That was a long time ago, sure, but I have since learned many other languages and built many other solutions for companies over the years. For example l, I learned Python and got a job working with ai in education, specifically because I knew that Python was big in the machine learning world, and I wanted to move my career in that general direction.


apfejes t1_j7q4thu wrote

Actually, I don't have a recommendation, unfortunately. There are many different fields in biology, and learning each one can be a few years of work, plus the common foundations - so the question isn't how do you learn but "How much do you need to know to do a specific job?"

Unfortunately, biology is the opposite of programming.

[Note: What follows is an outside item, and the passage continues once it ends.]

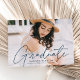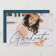 Célébrez la grade avec notre élégante faire-part de graduation photo. Le faire-part de graduation affiche la photo du diplômé avec "Graduate" dans une superposition de script de calligraphie moderne marine. Personnalisez le devant de la faire-part moderne de graduation en ajoutant le nom du diplômé, le nom de l'école et l'année de graduation. Le faire-part est rétro avec un motif géométrique à la mode marine et pointillé blanc. Le design est parfait pour les diplômés du secondaire et du collège.

Programming is a logical set of tools that build on each other. If you learn arrays, or dictionaries or data structures, you can go out and apply them logically. You can figure out which one will have the best performance in a given situation, and optimization is a logical extension of what you know. You can spend a life time learning, but the basics don't change.

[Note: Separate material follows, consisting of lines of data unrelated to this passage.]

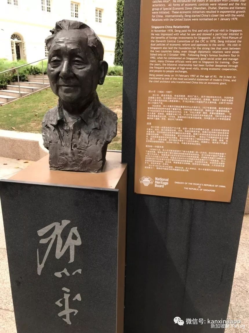 为庆祝中、新两国建交20周年,2010年11月14日,由时任内阁资政李光耀与时任的中国国家副主席习近平共同为新加坡河畔的邓小平铜像揭幕。新加坡国家文物局在新加坡河畔树立纪念碑,褒扬极少数曾到访新加坡的访客。他们必须是受到自己人民尊崇的人物,对自身的国家有杰出贡献,同时也同新加坡有所联系。其中一个就是邓小平铜像。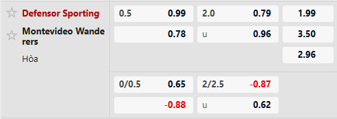 Thông tin tỷ lệ Defensor vs Montevideo Wanderers: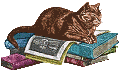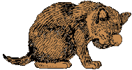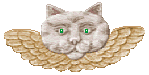 The first two cats were adapted from postage stamps; the bureaucat was a cartoon I'd drawn a long time ago and forgotten; the cat with wings began as a piece of jewelry; that's my cat Libby on the wall at the bottom of the page. The rest began as B&W copyright-free images. All were enhanced by Glenda Moore.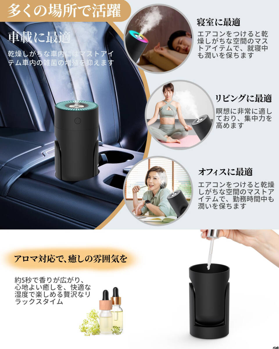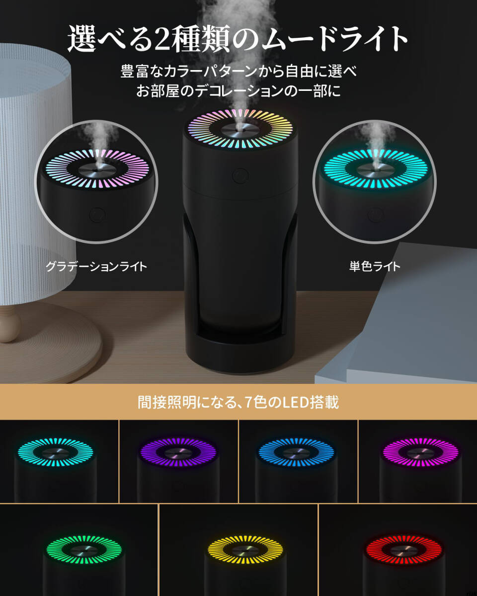 【超音波式でナノミストを生成、肌や唇の乾燥を防ぐ】 卓上加湿器 車用加湿器 ナノミスト 超音波 アロマ LEDライト 小型加湿器 静音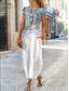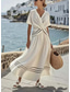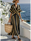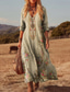 שמלת מקסי דמוית כותנה פשתן לנשים שמלת קיץ שמלת עטיפה שמלת קו A שמלת קיץ חופשה מסיבה קז'ואל יומי משרד חוף גרפי גיאומטרי חצי שרוול צווארון V כחול שחור לבן שנהב קיץ

In biology, EVERYTHING is an exception to something else. Learn the entire "biochemical pathway" chart, and then you'll discover than some animals do things differently, or short circuit pieces of it, or just get a specific chemical from their diet and don't need to do a certain part of it. It's all chaos. Biology is the mad hatter's perspective and there's no real guarantee that something is going to work the way you think it should, or the way you were taught. eg. Translation of RNA to protein always begins with a Methionine (AUG codon)... except that sometimes it doesn't. Sometime organisms have found a way to get things started with a missing base, or sometime just that things are wobbly.. or maybe sometimes it's just not at all what you think it's going to be.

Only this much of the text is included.